In order to lower the impact, India bought 244,000 barrels of crude oil from the USA on March 2025, which was a 67 per cent increase. However, none of it paid off. Since the announcement, Sensex tanked almost 800 points and in the coming days it could lead to lower investor confidence.
Response from Indian business leaders
Sanjay Kumar, CEO & MD, Rassense Pvt Ltd says, “The 26% tariff hike imposed by the United States on India should be seen through a broader lens. While it is evident that such a move will have an inflationary effect within the United States, the more critical consideration lies in assessing its implications for India. For India, this situation could potentially be a blessing in disguise. On a global scale, India’s tariff structures are relatively moderate. Having said that, the global trade environment is highly competitive, and given that these new tariffs affect a broad range of countries, especially those that directly compete with India in sectors such as textiles and automotive components, India stands to gain more in the short term than it loses.”
Samrath Singh Kochar, Founder and CEO, Trontek says, “The U.S. tariffs on Indian auto exports might seem like a challenge only for automakers, but the ripple effect will impact the entire EV ecosystem—including battery manufacturers like Trontek. A decline in Indian auto exports could slow production for key manufacturers, affecting the demand for critical components like EV batteries. Additionally, if tariffs extend to EV parts, battery exports could face added cost pressures.”
Nikhil Anand Khurana, MD and CEO, Folks Motor, says, “India exported $2.2 billion worth of auto components to the U.S. in 2024, representing 29.1 per cent of India’s global auto parts exports, making it one of the key markets for Indian automakers. A 25 per cent tariff hike on auto imports could significantly increase costs for Indian vehicles and components, making them less competitive in the U.S. market. While this presents an immediate challenge, it also signals the need for a strategic shift in India’s automotive export strategy.”
Akshay Shekhar, CEO & Co-Founder of Kazam, says, “The U.S. tariffs on Indian auto exports will likely have some impact on the broader ecosystem but will not directly affect EV charging infrastructure. However, as automakers navigate export challenges, they may explore partnerships in other countries, an opportunity that could strengthen India’s position as a global manufacturing hub. This new change also reinforces the importance of Production-Linked Incentives (PLI) and Make in India initiatives, fostering self-reliant value chains and boosting domestic capabilities. While there may be disruptions in hardware supply chains, the software side of the energy transition remains firmly on track. India is not just adopting EV technology; we are building the digital backbone of global energy solutions.”
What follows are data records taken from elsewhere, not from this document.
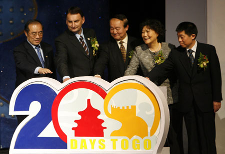 Government representatives, sponsors and sports officials attend a ceremony to unveil the official uniforms of volunteers, technicians and referees of the Beijing Olympics and Paralympic Games in Beijing January 20, 2008. The event also marked the 200th day before the Olympics Games which opens on August 8, 2008. [Agencies]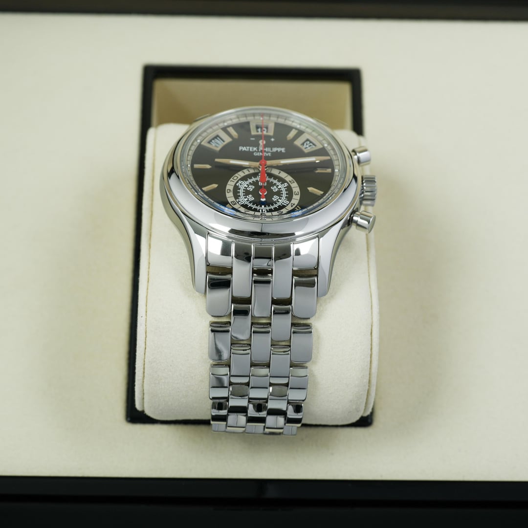 2018 Patek Philippe 5960/1A-010 Annual Calendar Chronograph Complete Set Timestamp: [https://imgur.com/AczQpNJ](https://imgur.com/AczQpNJ) A standout in Patek Philippe’s lineup, the Patek Philippe Annual Calendar Chronograph 5960/1A-010 is a rare fusion of high complication and modern sportiness. Crafted entirely in stainless steel, this model marks one of Patek’s few ventures into complicated steel watches—making it especially sought after by collectors. The 40.5mm polished case and integrated bracelet exude refined durability, while the striking black dial adds a bold, contemporary edge. Red chronograph accents and luminous blackened markers enhance legibility and contrast, framing the annual calendar windows (day, date, and month) and chronograph subdial in perfect symmetry. At its heart beats the in-house Caliber CH 28-520 IRM QA 24H, an automatic movement featuring a column-wheel chronograph, annual calendar, and 55-hour power reserve, visible through the sapphire crystal caseback. Blending heritage with modern allure, the 5960/1A-010 represents Patek Philippe at its most versatile—a highly collectible masterpiece that balances timeless craftsmanship with contemporary flair. Watch comes a complete set with Inner/Outer box, booklet, certificate of origin paper, pusher. Watch is overall in MINT condition. Please look at my pictures as I like to fully represent the exact condition of the watch through my photography. **Offered at $83,499 shipped in US or OBO.** Payments accepted: Wire or Direct Bank Transfer (Bank of America). Shipping is always FedEx/UPS overnight, fully insured. I am an avid enthusiast and collector and am not affiliated with any watch brand I post. **Always open to trades or purchases! Looking for Audemars Piguet, Rolex, Patek Philippe, FP Journe, Vacheron Constantin, and other luxury brands.** I guarantee every watch I sell to be 100% authentic. Follow me on IG: JJ\_Timepiece\_Co Call or text (941) 800-3931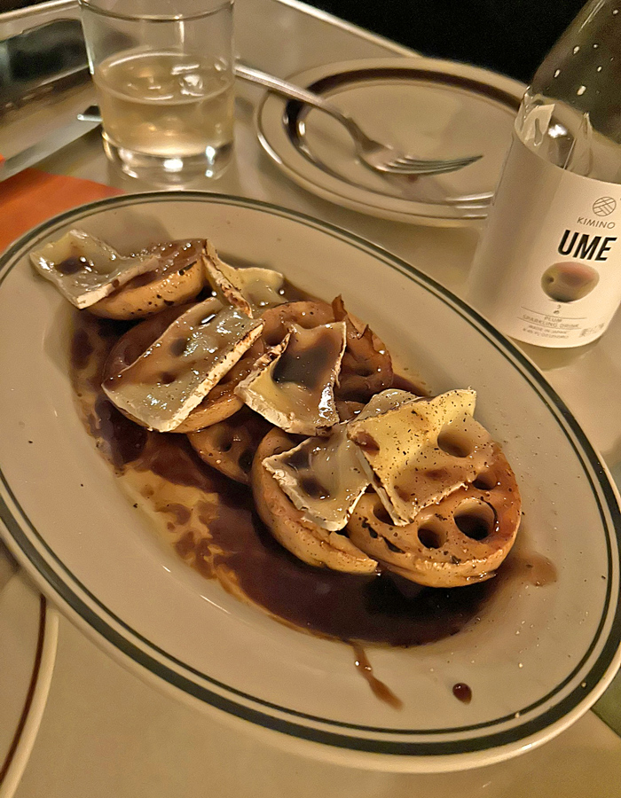 焼いたレンコンにブリーチーズがのっており、バルサミコ酢で和えたもの。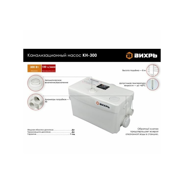 Готов был заплатить и большую цену, чтобы решить проблемы с канализацией. Сантехник с большим опытом посоветовал не переплачивать и купить Вихрь Кн-300. Подключил канализационный насос к общему сливу. Все сантехническое оборудование расположено далеко от стояка. Без этой установки вода самотеком не уходила. Сейчас откачивает из кухни, унитаза, стирального автомата.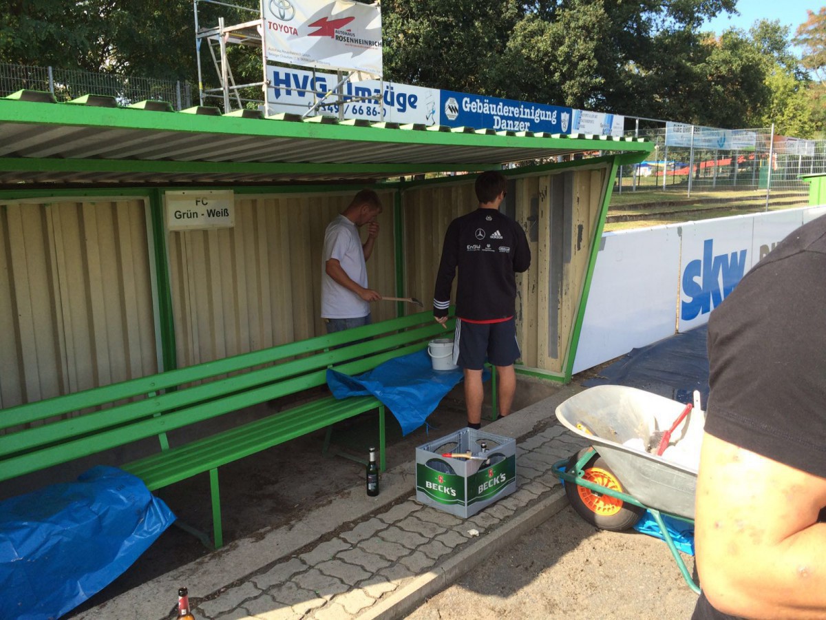 Am gestrigen Sonntagvormittag führte die 1.Männer Ihren Arbeitseinsatz im Volkspark durch. Gut gelaunt nach den ersten 3 Punkten der Saison, wurden die Auswechselbänke des Hauptplatzes, sowie die Holzumrandung am Kabinentrakt neu gestrichen. Bilder dazu gibt es in der Galerie.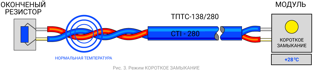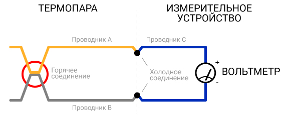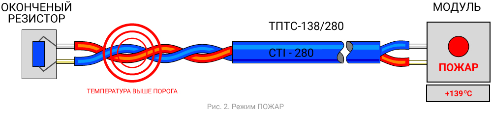 Когда два соединения проводников горячее, в защищаемой зоне, и холодное, в интерфейсном модуле, находятся под воздействием различных температур, возникает разность потенциалов, соответствующая разности температур. Посредством измерения термо-ЭДС определяется температура в точке замыкания проводников термокабеля (рис. 1).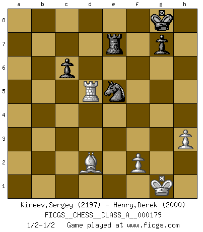 Last move : 1/2-1/2 2017 August 17 8:43:0 [Event "FICGS__CHESS__CLASS_A__000179"] [Site "FICGS"] [Date "2017.06.20"] [Round "1"] [White "Kireev,Sergey"] [Black "Henry,Derek"] [Result "1/2-1/2"] [WhiteElo "2197"] [BlackElo "2000"] 1.e4 e5 2.Nf3 Nc6 3.Bb5 Nf6 4.d3 Bc5 5.c3 O-O 6.O-O d6 7.Nbd2 Ne7 8.d4 exd4 9.cxd4 Bb6 10.Re1 Bg4 11.h3 Bh5 12.Qb3 d5 13.e5 Nd7 14.a4 a5 15.Qd1 f6 16.e6 Nb8 17.Nb3 Nbc6 18.Bxc6 Nxc6 19.Bf4 Qe7 20.Rc1 Qb4 21.g4 Bg6 22.Nc5 Bxc5 23.Rxc5 Be4 24.Re3 Qxb2 25.Rb3 Bxf3 26.e7 Rfe8 27.Qxf3 Qxd4 28.Be3 Qxa4 29.Rxb7 Kh8 30.g5 fxg5 31.Bxg5 h6 32.Bxh6 Rxe7 33.Bd2 Ne5 34.Qh5+ Kg8 35.Rxa5 Qe8 36.Qxe8+ Raxe8 37.Rxd5 c6 38.Rxe7 Rxe7 1/2-1/2 Ruy Lopez : Berlin defense Kingside Castling by player Black (move 5) Kingside Castling by player White (move 6) 10 pieces endgame at move 38 : White KRBPP , Black KRNPP WHITE : King + 1 Rook 1 Bishop 2 Pawns BLACK : King + 1 Rook 1 Knight 2 Pawns This chess game ended in a draw. Follow this game move after move (download)Many Chess players were surprised when after the game, Fischer quietly explained: 'I had already analyzed this possibility' in a position which I thought was not possible to foresee from the opening. (Mikhail Tal) Es hat in meinem Leben Zeiten gegeben, in denen das Schachspiel, wenn nicht zum Lebenszweck, so doch zu einem regelrechten Lebensersatz geworden ist. Man fühlt sich in solchen Zeiten nicht so, als besäße man eine göttliche Gabe, sondern eher so, als sei man von ihr besessen. (Garry Kasparov) EL Ajedrez es como la vida. (Boris Spassky) La tactique est l'élément le plus important du milieu de jeu. (Siegbert Tarrasch) All battles are fought by scared men who'd rather be someplace else. (John Wayne in the movie In harm's way)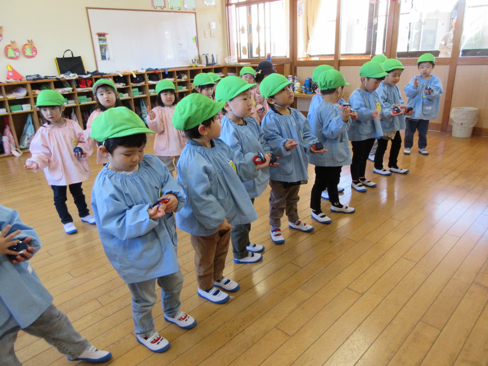 今日は総和園に遊びに行きました!お部屋では、朝の会とカスタネットを使ったリズム遊びをしました。その後、園内探検をし、「広いね!」と楽しくお話をしながら歩きました。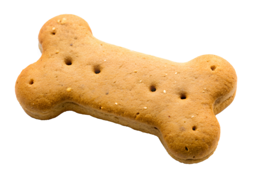 A brown dog biscuit bone, isolated on a white background, is a healthy and edible treat for your canine pet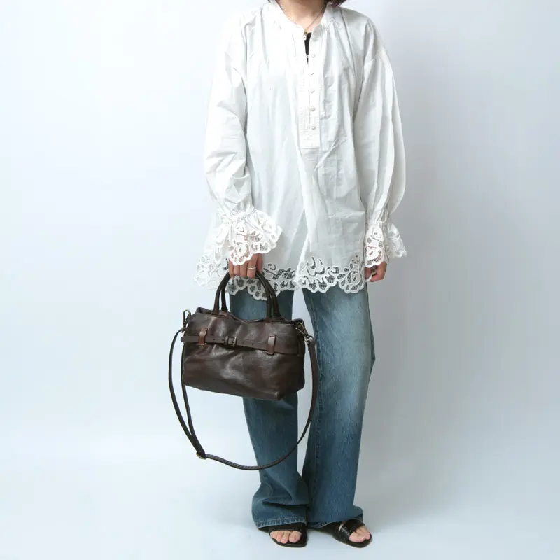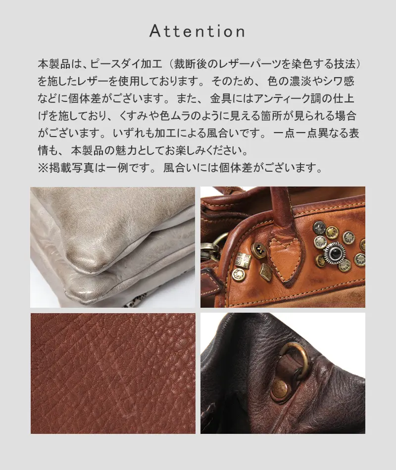 イタリア製 100%カーフレザーにピースダイ加工を施し、自然な色の濃淡と奥行きある風合いを引き出しました。裁断後に染色するピースダイにより、一点ごとに異なるニュアンスカラーが楽しめるのも魅力です。柔らかな質感で、触れるたびにレザーの表情を感じられる上品なバッグに仕上がっています。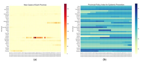 The visualization results of the provincial-scale epidemic case data and the epidemic prevention policy index are shown in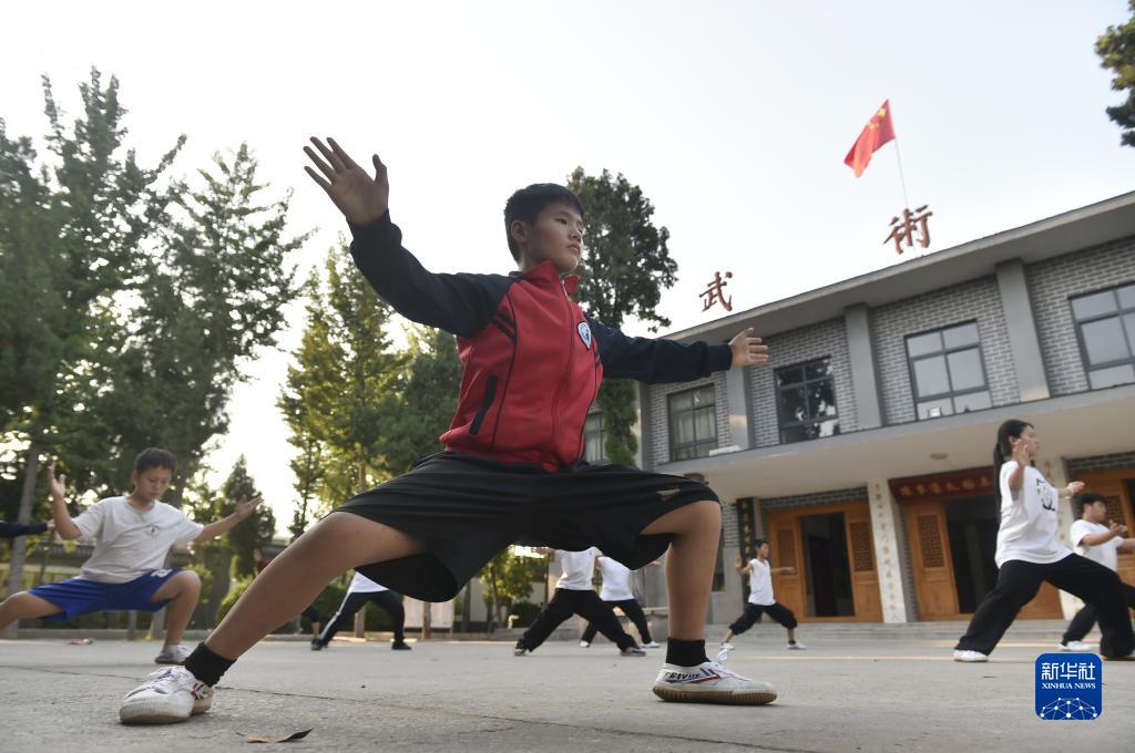 9月14日,河南溫縣陳家溝一家武術學校的學員在練習太極拳。

Last time when USA imposed tariffs
The Smoot-Hawley Tariff Act in 1930 was enacted to protect the interests of farmers and local businesses from foreign competition. European nations retaliated with similar tariffs, and a dent in international trade was visibly seen. Some also believe that it is the reason for the Great Depression too.
In conclusion
Response has been mixed from different countries. The European Union is eyeing countermeasures, and China too joins the club. However, the UK, which was expecting 20 per cent is now relieved as the US has only imposed 10 per cent. South Korea is prepping up to face the scenario as its auto industry is set to take the plunge. In short, this is leading to a global trade war between the USA and other countries. On the contrary, USA could pull back some of the announcements too owing to global outrage.